Talk radio is alive in Sandpoint. Bill Litsinger and Barbara Carpenter are doing a great job at noon on 1400 KSPT with their local talk shows. Both talk with newsmakers and make the most out of a terrible time slot on AM radio.
I have started listening to KSPT again, although 920 AM from Spokane is pretty good. I still can't bring myself to listen to more than a few minutes of Rush Limbaugh or Michael Savage, though.
RUMORS…Look for Sandpoint Satellite to move across Fifth Avenue to the old Alpine Designs shop soon. Also, look for the announcement of a major grocery store landing in Sandpoint or Ponderay by the end of the year. That was not really my mom at the chamber of commerce meeting last week but that was Chris Watkins, Bee circulation guy, winning the grand prize raffle basket worth $400, including a nice Lyman print. I bought him the ticket, though.
Look for the DSBA to take a more activist role in downtown Sandpoint with the departure of founder and president of the DSBA, Nancy Hadley. Also look for City Hall to hold its breath to see what is in store for the group now that Pierre Bordenave (an arch foe of the Sand Creek Byway) controls the reins of the $100,000 annual budget derived from the Business Improvement District.
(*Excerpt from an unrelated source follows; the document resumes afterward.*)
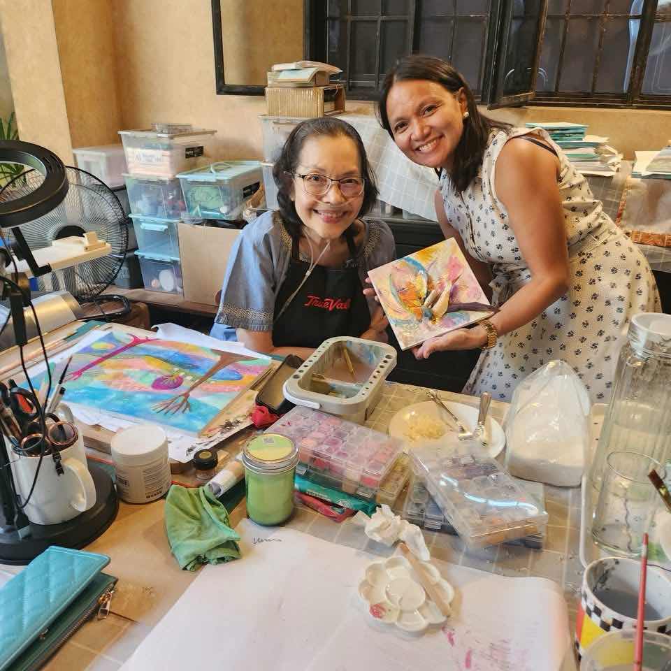 Here’s what she and up with, a mixed media piece using acrylics, oils, watercolors, mica powder, papers from my collage stash and leaves from the garden. What fun!

Pierre did a great job with Mardi Gras and has spent many volunteer hours on DSBA projects. Maybe the DSBA will decide downtown Sandpoint needs its attention with or without a Sand Creek Byway and will keep politics out of the mix.
Happy Day After Valentine's Day to my wife, Marlisa; daughter, Olivia; son, Austin; and mother-in-law, Nancy. My father in law, Blaine, is too tough to say such sappy things to but I love you all. I also saved $15 in Hallmark cards by doing it this way.
Joe Wythe sent me the following Email, I hope you enjoy:
YOU KNOW YOU LIVE IN 2005 WHEN …
1. You accidentally enter your password on the microwave.
2. You haven't played solitaire with real cards in years.
3. You have a list of 16 phone numbers to reach your family of four.
4. You e-mail the person who works at the desk next to you.
5. Your reason for not staying in touch with friends and family is that they
don't have e-mail addresses.
6. You go home after a long day at work you still answer the phone in a
business manner.
7. You make phone calls from home, you accidentally dial "9" to get an
outside line.
8. You've sat at the same desk for four years and worked for three different companies.
10. You learn about your redundancy on the 11 o'clock news.
11. Your boss doesn't have the ability to do your job.
12. You pull up in your own driveway and use your cell phone to see if
anyone is home.
13. Every commercial on television has a website at the bottom of the
screen.
14. Leaving the house without your cell phone, which you didn't have the
first 20 or 30 (or 60) years of your life, is now a cause for panic and you
turn around to go and get it.
15. You get up in the morning and go online before getting your coffee.
16. You start tilting your head sideways to smile. :)
17. You're reading this and nodding and laughing.
18. Even worse, you know exactly to whom you are going to forward this
message.
19. You are too busy to notice there was no #9 on this list.
20. You actually scrolled back up to check that there wasn't a #9 on this list.
? David Keyes is publisher of the Bee. His column runs Tuesdays.